In 1996 and 1997 I was part of Tom Mitchell's WebKB
project and the CMU
Text Learning group.
In what now seems like a lifetime ago, I was interested in
reinforcement learning---especially with hidden state and factored
representations. My thesis
uses memory-based learning and a robust statistical test on reward in
order to learn a structured policy representation that makes perceptual
and memory distinctions only where needed for the task at hand. It can
also be understood as a method of Value Function Approximation.
The model learned is an order-n partially observable Markov
decision process. It handles noisy observation, action and reward.
It is related to Ron, Singer and Tishby's Probabilistic
Suffix Trees, Leslie
Kaelbling's G-algorithm and Andrew Moore's Parti-game.

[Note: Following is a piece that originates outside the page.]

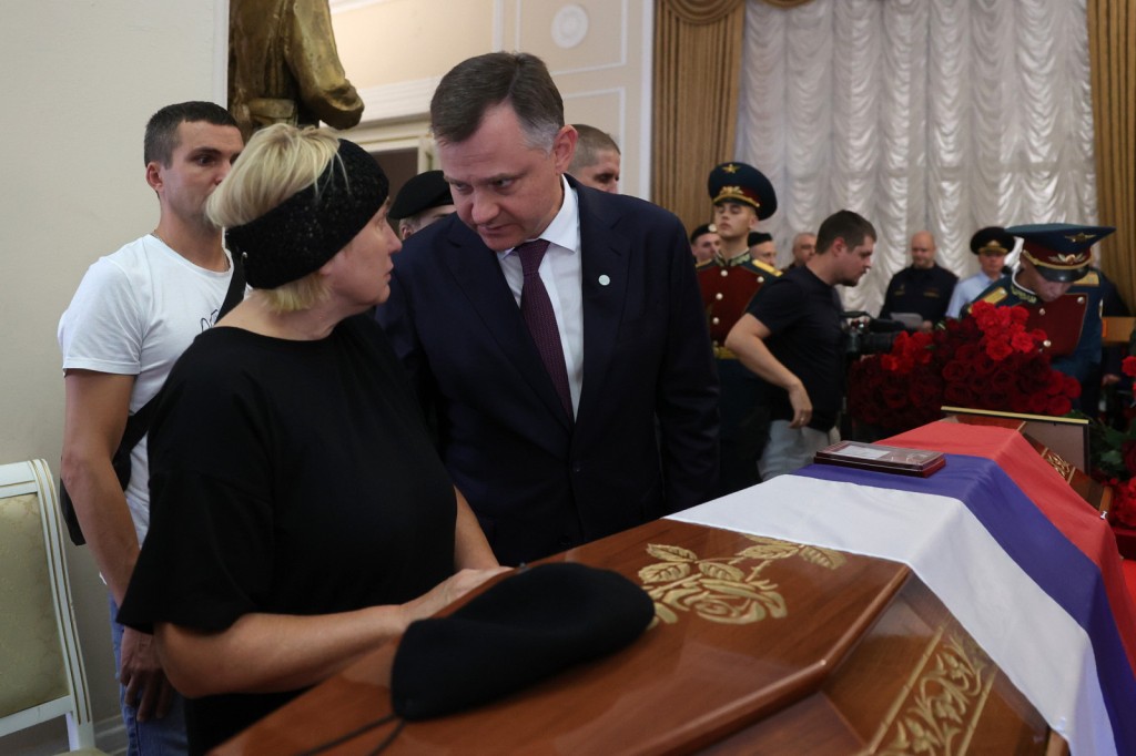 Проститься с погибшими и поддержать их родных и друзей пришли коллеги погибших. В церемонии принял участие и врио губернатора Ростовской области Юрий Слюсарь.

It is distinguished from similar-era work by Michael Littman, Craig Boutilier
and others in that it learns both a model and a policy, and is quite
practical with infinite-horizon tasks and large state and observation
spaces. Follow-on or comparison work has been done by Anders Jonsson, Andy Barto, Will Uther, Natalia Hernandez, Leslie Kaelbling, and Sridhar Mahadevan.
The algorithm, called U-Tree, was demonstrated
solving a highway driving task using simulated eye-movements and
deictic representations. The simulated environment has about 21000
states, 2500 observations, noise and much hidden state. After about 2
1/2 hours of simulated experience, U-Tree learns a
task-specific model of the environment that has only 143 states.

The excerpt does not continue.